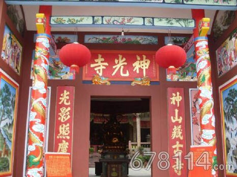 神光寺位於广东省兴宁市神光路,旧时称为南山寿庆寺,建於北宋嘉祐三年(1058年)。寺的创建有这样的传说:邑人罗孟郊在北宋天圣八年(1030年)上京城殿试,高中探花,官至谏议大夫、翰林学士。当时恰有一位朝廷大官贬谪潮州,途经兴宁县擁慧亭(即今福兴五里亭),远眺神光山,形如殿旗,与贵人峰相连,叹曰:此地现已出翰林控花,今后也应人才辈出,如能在南山上建一寺院,则锦上添花矣!於是在他了指点下,当地父老在山腰建一寺庙,命为寿庆寺。明朝成化年间,寿庆寺经过数百年的风雨,已显破漏。其时陈礼明任兴宁县令,留心文教,培育人才,於成化十五年(1479年)扩建重修寿庆寺,改南山为神光山,改寿庆寺为神光寺。
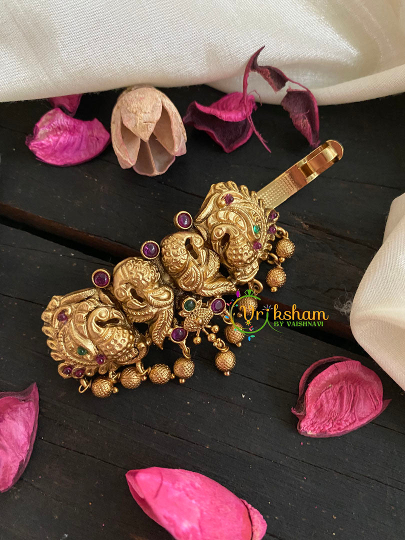 Premium Gold AD Stone Peacock Hair Clip-2 Dual Peacock- Gold Look Alike Hair Clip – Green Red White AD stone studded hair clip.
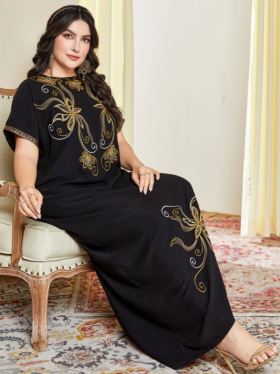 Eid Embroidery Muslim Abaya Dress Women Dubai Arab Caftan Short Sleeve Turkey Morocco Kaftan India Gown Robe Party Vestido 2025
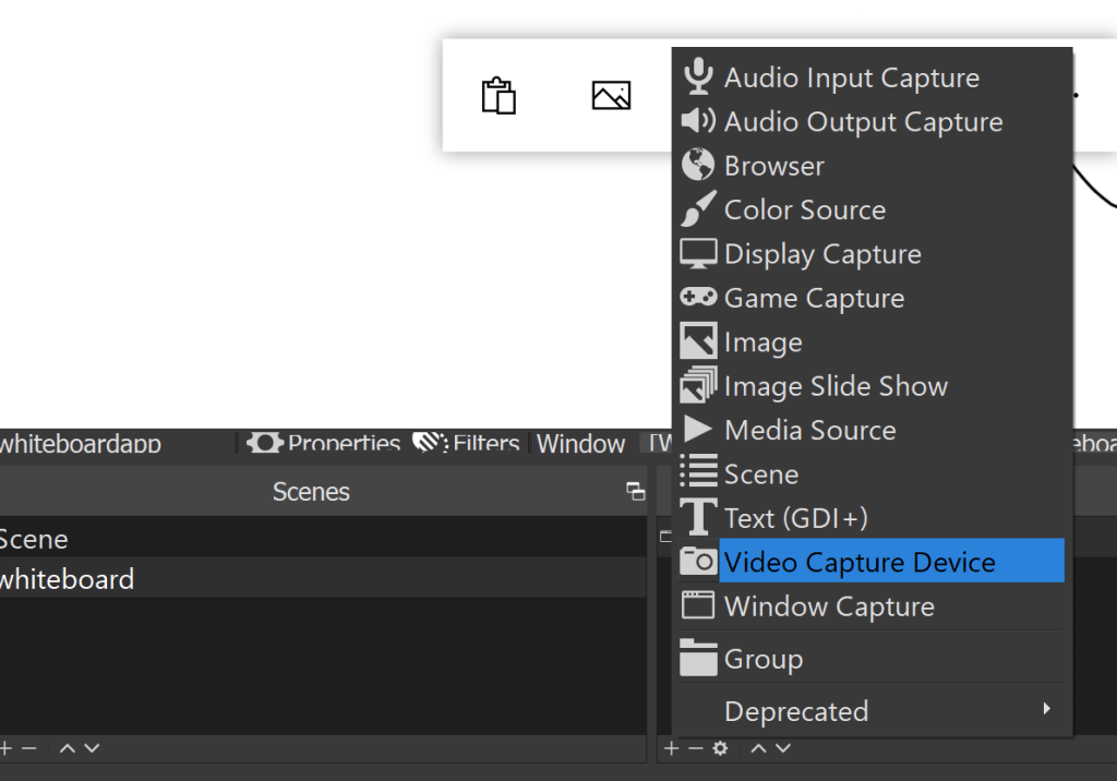 Now we will add our first souce to the scene: your whiteboard. Click the plus sign below the source list, and add a “Window Capture”:
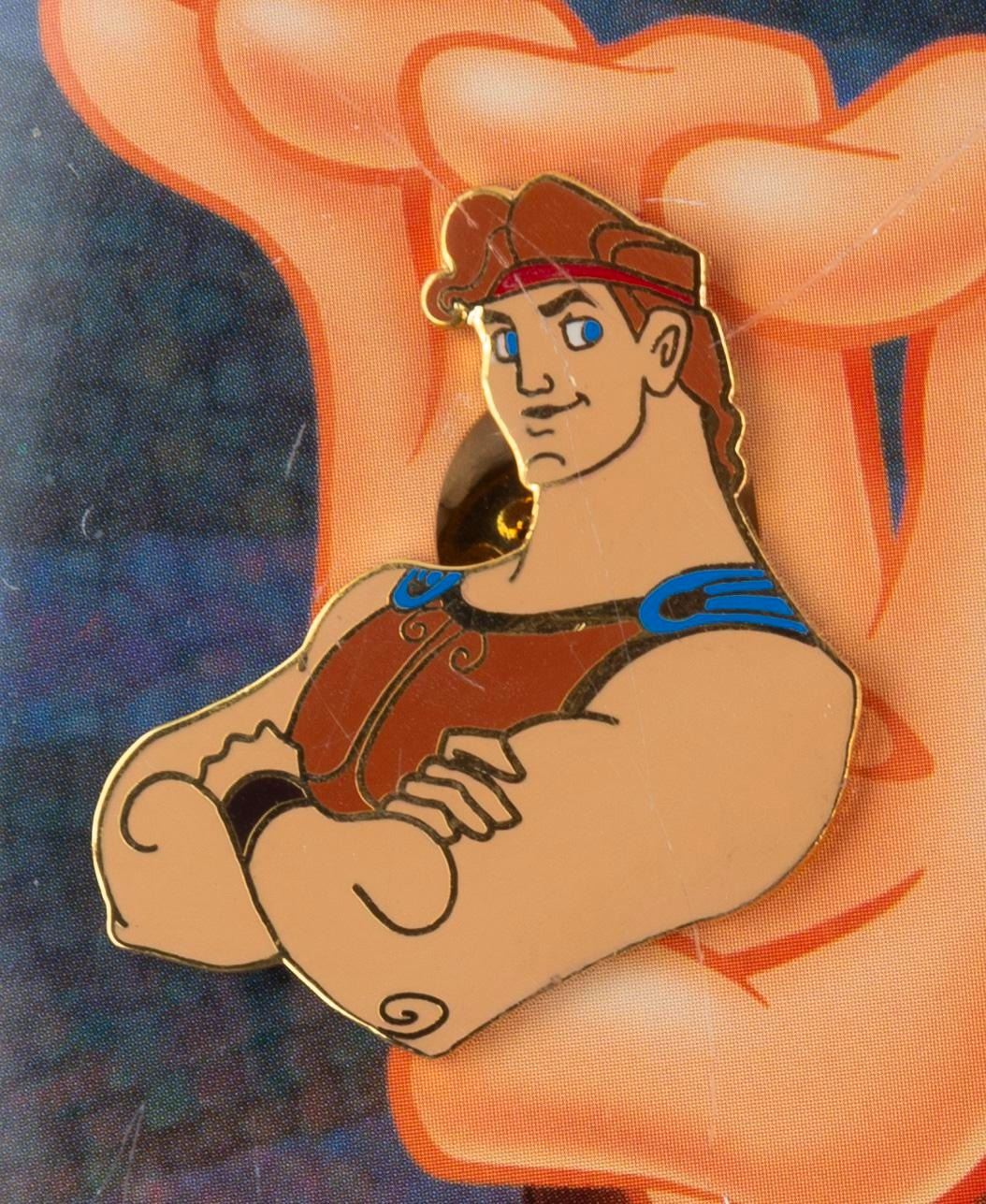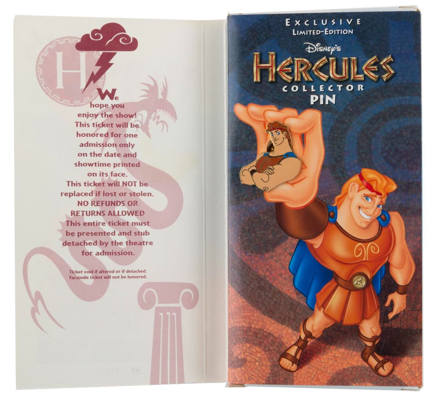 (Disney, 1997) A "Hercules” Collector Pin and Sneak Preview Weekend Commemorative Ticket Box. This is one of seven pins offered with the purchase of a ticket for the Sunday, July 22, 1997 showing of the film. Measuring 4” x 7”, the ticket and pin are in good condition with light creasing and soiling to the ticket, and the stub missing from use.
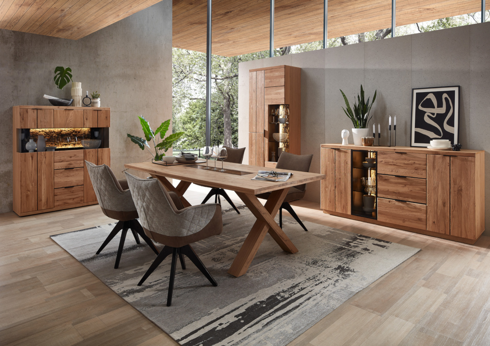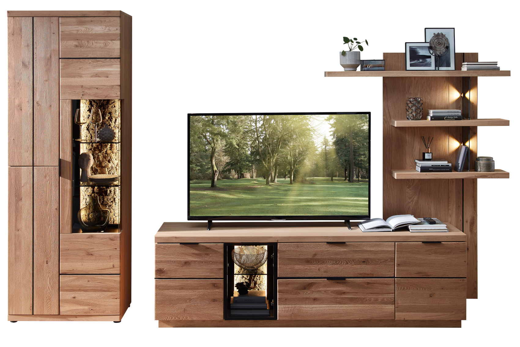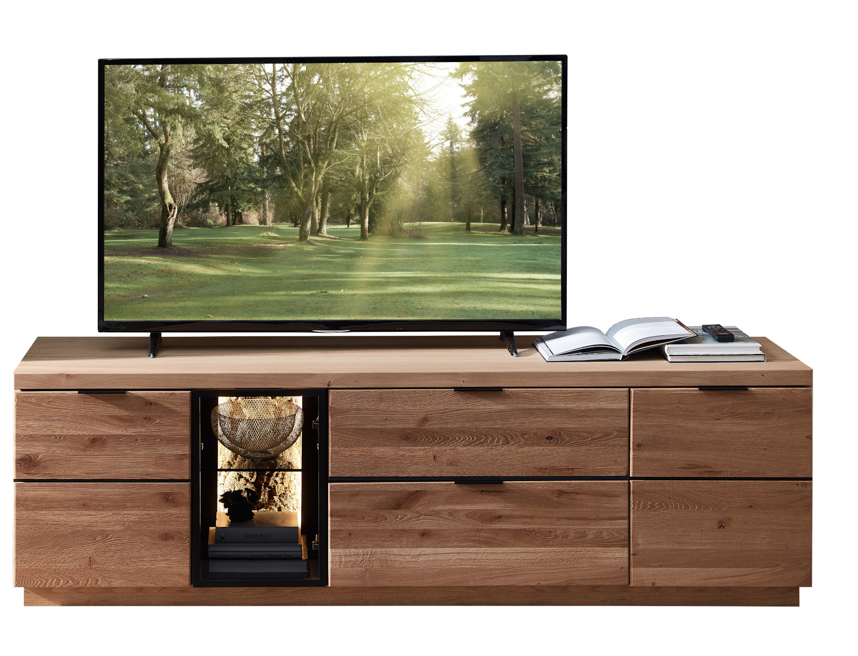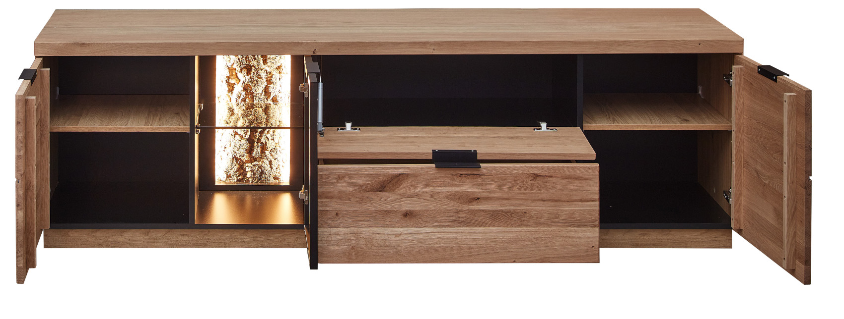 Moderní RTV stolek Napoli 31 vás zaujme svým přírodním designem s viditelnou strukturou dřevěných lét. Přední dvířka a zásuvky, se systémem tichého dovírání, jsou vyrobeny z masivního dubového dřeva a korpus z přírodní dubové dýhy, která je potažena fólií. Součástí stolku jsou kovové černě lakované úchyty, které dodají nábytku nádech elegance. Nábytek stojí na velmi nízkých černých plastových nožkách.
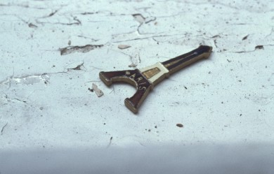 'Wendy Lewis could be the Madame Tussaud of the inconsequential. Taking something perfectly ephemeral - a scrap of paper, a chip of wood, a small ornament - she makes a balsawood and paint facsimile of it, perfectly, so you can't tell unless you look really closely, and then why would you want to, unless you already knew? This curious circuit of not knowing, already knowing and not needing to know creates an odd disturbance in your sense of what makes things worth doing. They're not even obsessive or ultra-detailed to the point where you'd think the artist was intensely committed to all things tiny in a crazy way. They are just so well made they disappear even though you can still see them.'
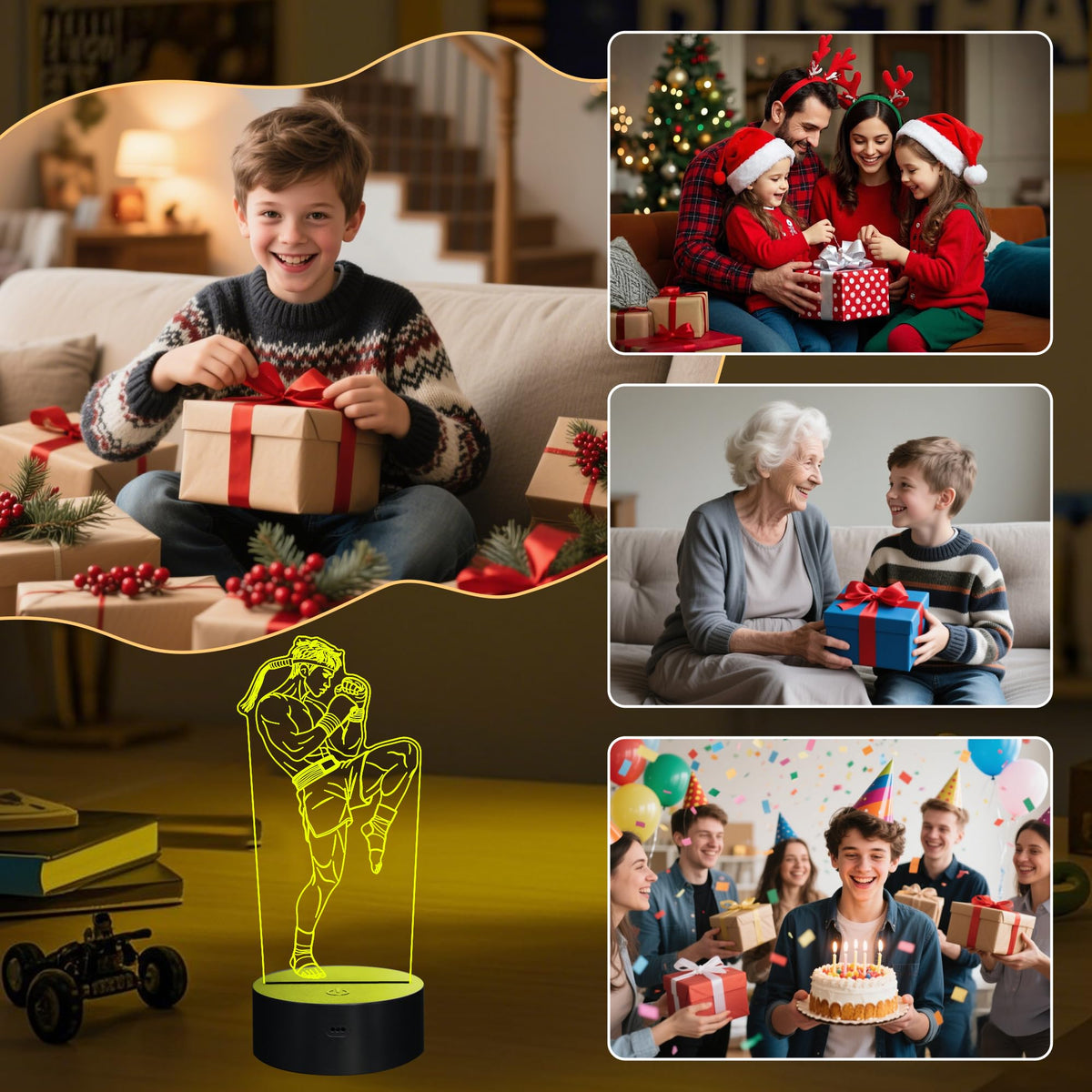 OkiyiD Muay Thai Gifts for Men, 3D Muay Thai Night Light Illusion Lamp with 16 Colors Remote Control, Martial Art MMA Gift for K
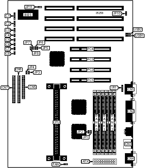 Note: 256KB/512KB cache is located on the Pentium II CPU. |
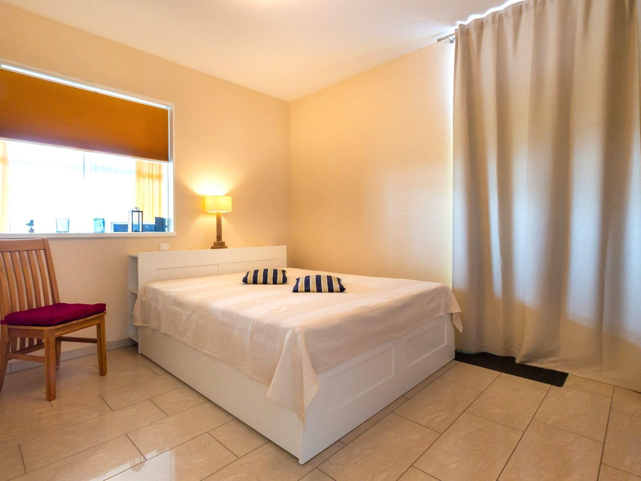Die beiden Schlafzimmer sind mit Doppelbetten á 1,80x2,00 m und 1,60x2,00 m (mit getrennten Matratzen) ausgestattet.
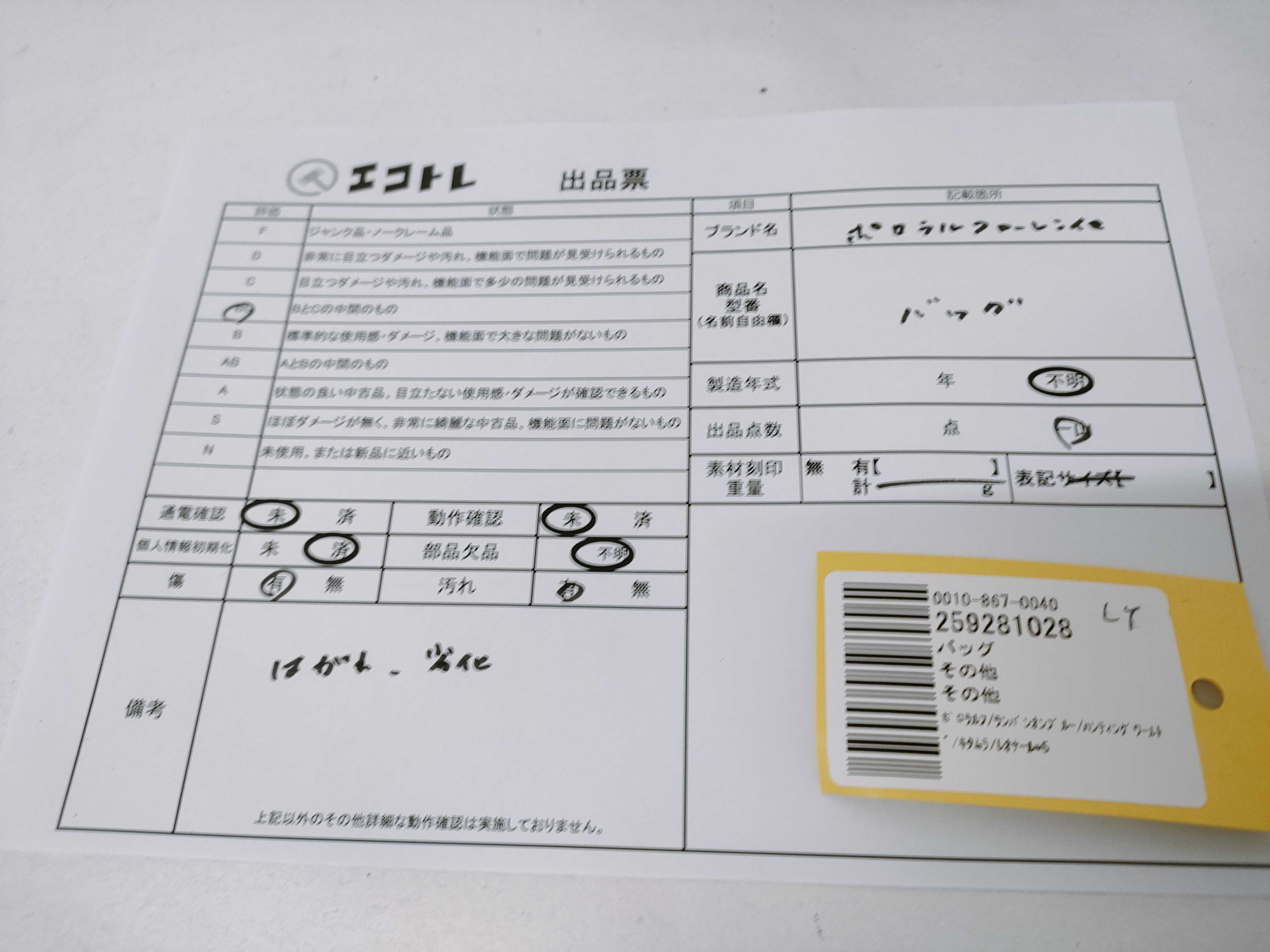 商品内容によって、JITBOXなどでの発送となる可能性がございます事ご理解下さい。年式などの商品情報詳細は写真にてご確認願います。※ご入札の際はご利用規約をよくお読みになってからのご参加お願いします。","タイプライン":"","カテゴリ":"バッグ","形状コード":"トートバッグ","付属品コード":"","シリアル・シール・型番":""
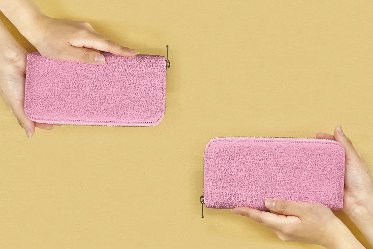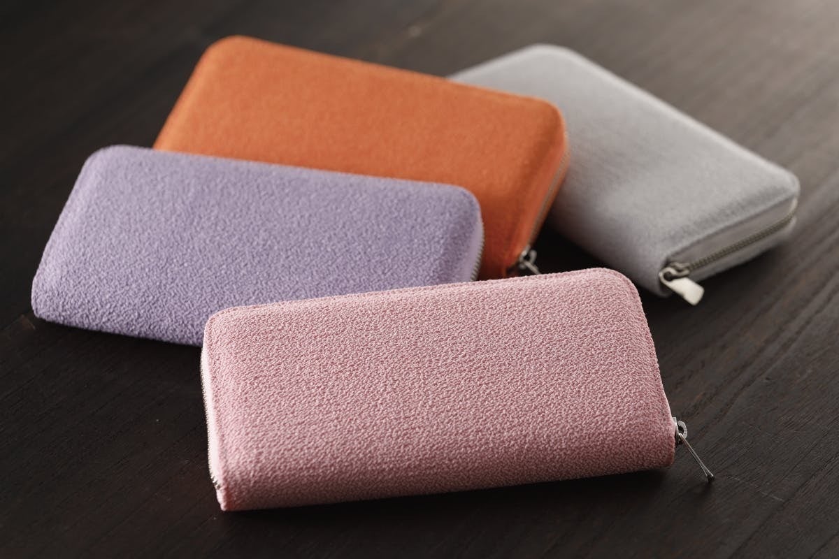 プロジェクトの財布は摩擦性、速乾性にも優れているポリエステルちりめんを選び、毎日気軽に伝統織物を楽しんでいただけるよう企画しました。
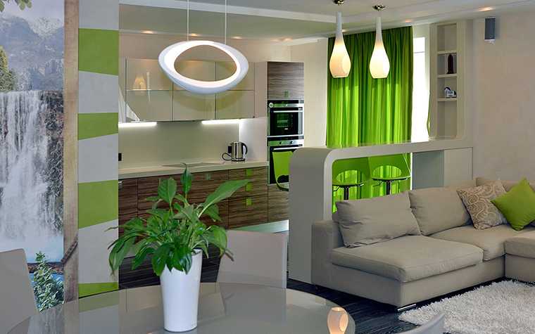 Фисташковый, салатовый, оттенок лайма. Это очень яркие и позитивные тона, которые способны поднимать настроение, поэтому рекомендуется использовать их в детской комнате, на кухне, в гостиной в современном стиле.
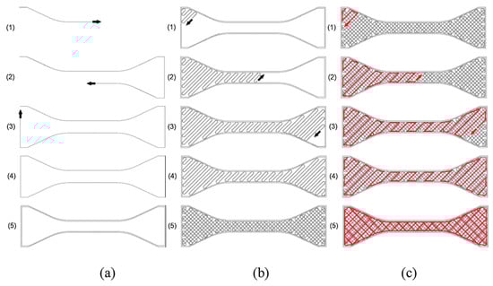 Schematic representation of printing path for the (a) outer shell, (b) bottom layer, and (c) infill []. Reproduced with permission from Elsevier, 2019.
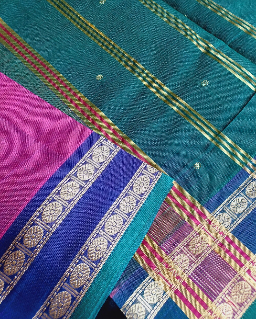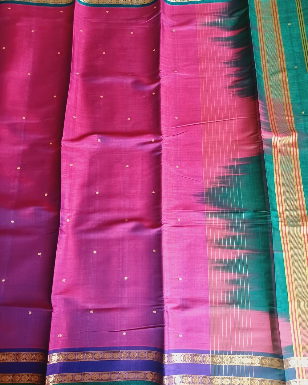 This beautiful collection of Devendra Handloom comes to you directly from the looms of Tamil Nadu. These weavers are from Saurashtra and known for their high quality weaving skills.
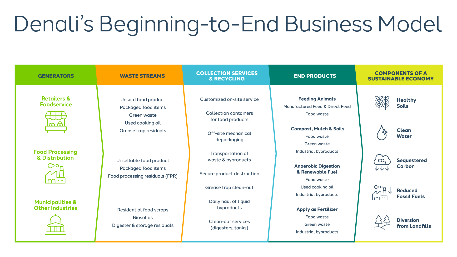 By providing the opportunity to handle unconsumable food sustainably, the recycling process benefits farmers, food businesses, and the local economy. It also offers a “rising tide lifts all boats” approach, benefitting communities, businesses, and the environment. And while setting up a circular food system may feel challenging, it doesn’t have to be. When you partner with Denali, you get an end-to-end food recycling partner that has all the facilities and technologies in place to help your business win. Start implementing these sustainable practices today by contacting our team of experts!
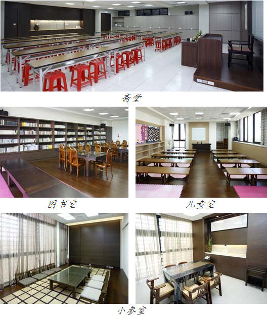 精舍西行约百余公尺即达龙潭市区。这栋闹中取静、庄严静谧的新颖建筑,面向宽广的运动公园,视野辽阔,每日清晨迎接着朝阳,益发显得宏伟壮观,引人注目。

□ □ □ □ □ □ □

• [Task description]: Only an exact copy is wanted: the lines from the opening of the material through the line that has "(Disney, 1997) A", minus any pictures.

• [Task solution]:
 神光寺位於广东省兴宁市神光路,旧时称为南山寿庆寺,建於北宋嘉祐三年(1058年)。寺的创建有这样的传说:邑人罗孟郊在北宋天圣八年(1030年)上京城殿试,高中探花,官至谏议大夫、翰林学士。当时恰有一位朝廷大官贬谪潮州,途经兴宁县擁慧亭(即今福兴五里亭),远眺神光山,形如殿旗,与贵人峰相连,叹曰:此地现已出翰林控花,今后也应人才辈出,如能在南山上建一寺院,则锦上添花矣!於是在他了指点下,当地父老在山腰建一寺庙,命为寿庆寺。明朝成化年间,寿庆寺经过数百年的风雨,已显破漏。其时陈礼明任兴宁县令,留心文教,培育人才,於成化十五年(1479年)扩建重修寿庆寺,改南山为神光山,改寿庆寺为神光寺。
 Premium Gold AD Stone Peacock Hair Clip-2 Dual Peacock- Gold Look Alike Hair Clip – Green Red White AD stone studded hair clip.
 Eid Embroidery Muslim Abaya Dress Women Dubai Arab Caftan Short Sleeve Turkey Morocco Kaftan India Gown Robe Party Vestido 2025
 Now we will add our first souce to the scene: your whiteboard. Click the plus sign below the source list, and add a “Window Capture”:
 (Disney, 1997) A "Hercules” Collector Pin and Sneak Preview Weekend Commemorative Ticket Box. This is one of seven pins offered with the purchase of a ticket for the Sunday, July 22, 1997 showing of the film. Measuring 4” x 7”, the ticket and pin are in good condition with light creasing and soiling to the ticket, and the stub missing from use.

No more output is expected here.